2. Link state educational and workforce data systems at the levels of students and skills and invest in statewide capacity to use these data.

  • A 2023 issue brief from the National Institute of Education Sciences analyzed the progress states are making on state longitudinal data systems.25 Twenty-nine states are “operational” in linking education and workforce data systems, and 43 states have been awarded federal Workforce Data Quality Initiative grants from the Department of Labor to “integrate workforce and employment data into longitudinal data systems.”26 To understand the quality of jobs, some states (Indiana and Kentucky) have enhanced the variables in their unemployment and wage record data (including occupational codes, job location, demographics, and other job features besides hours required and wages).27
  • Three states (Alabama, Montana, and Rhode Island) passed legislation in 2023 to codify cross-agency data governance.
  • Virginia provides a model for a strong, sustainable state longitudinal data system that facilitates the integration of economic and workforce development strategies with higher education pathways.28 In 2006 the state’s P-16 Council developed recommendations for establishing a comprehensive education-to-workforce data system that strictly protects the privacy of students. Legislation provides ongoing authority and funding to support data sharing between sectors.
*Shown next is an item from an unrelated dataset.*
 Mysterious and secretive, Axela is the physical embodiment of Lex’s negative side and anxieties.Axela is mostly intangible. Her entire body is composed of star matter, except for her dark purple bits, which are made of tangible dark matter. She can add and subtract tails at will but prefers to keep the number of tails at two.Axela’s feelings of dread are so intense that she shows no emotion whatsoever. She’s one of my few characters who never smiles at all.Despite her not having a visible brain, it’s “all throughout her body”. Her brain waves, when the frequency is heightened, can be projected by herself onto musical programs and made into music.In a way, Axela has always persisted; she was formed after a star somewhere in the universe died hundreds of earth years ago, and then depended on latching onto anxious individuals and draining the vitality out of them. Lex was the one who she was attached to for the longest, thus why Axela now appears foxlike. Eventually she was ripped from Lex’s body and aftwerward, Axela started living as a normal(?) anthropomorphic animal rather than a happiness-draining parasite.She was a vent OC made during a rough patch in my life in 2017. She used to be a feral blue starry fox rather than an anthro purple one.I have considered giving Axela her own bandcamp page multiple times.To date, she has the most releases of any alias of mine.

3. Invest in outcomes that promote alignment between credentials earned, labor market value, and in-demand skills.

More than 15 states use outcomes-based funding as a policy tool to direct some portion of state resources to institutions to achieve particular student-centered outcomes aligned with state priorities. As state priorities for higher education shift to emphasize not just completion but completion of credentials of value, efforts to prioritize these credentials in state funding models also gain momentum. Louisiana’s outcomes-based funding model for both universities and community colleges includes a specific component on workforce alignment to recognize students who complete credentials in high-demand fields. The metric is directly aligned to “four- and five-star jobs” and fields—high-demand and high-wage jobs identified by the state’s pertinent agencies, the Workforce Investment Council, and Louisiana Economic Development.

North Carolina is poised to move forward with an ambitious plan to change how its community colleges are funded, using a formula that focuses on how well two-year institutions prepare students for high-demand, well-paying jobs. Importantly, the push, dubbed Propel NC, comes from the two-year institution system itself.29 As one community college leader told Work Shift, “If we don’t change and adapt and modernize, how are we going to stay relevant?”30 Under the proposal, the system would allocate funding to its 58 community colleges on the basis of courses offered by the workforce sector, eliminate arbitrary distinctions between credit-bearing and noncredit programs, and reduce the unnecessary and often harmful emphasis on degrees. It would incentivize the colleges to work more closely with employers in fast-growing workforce sectors and to create more short-term training programs that can serve as on-ramps to good careers. Recent work in Texas discussed in depth below, leads the nation here.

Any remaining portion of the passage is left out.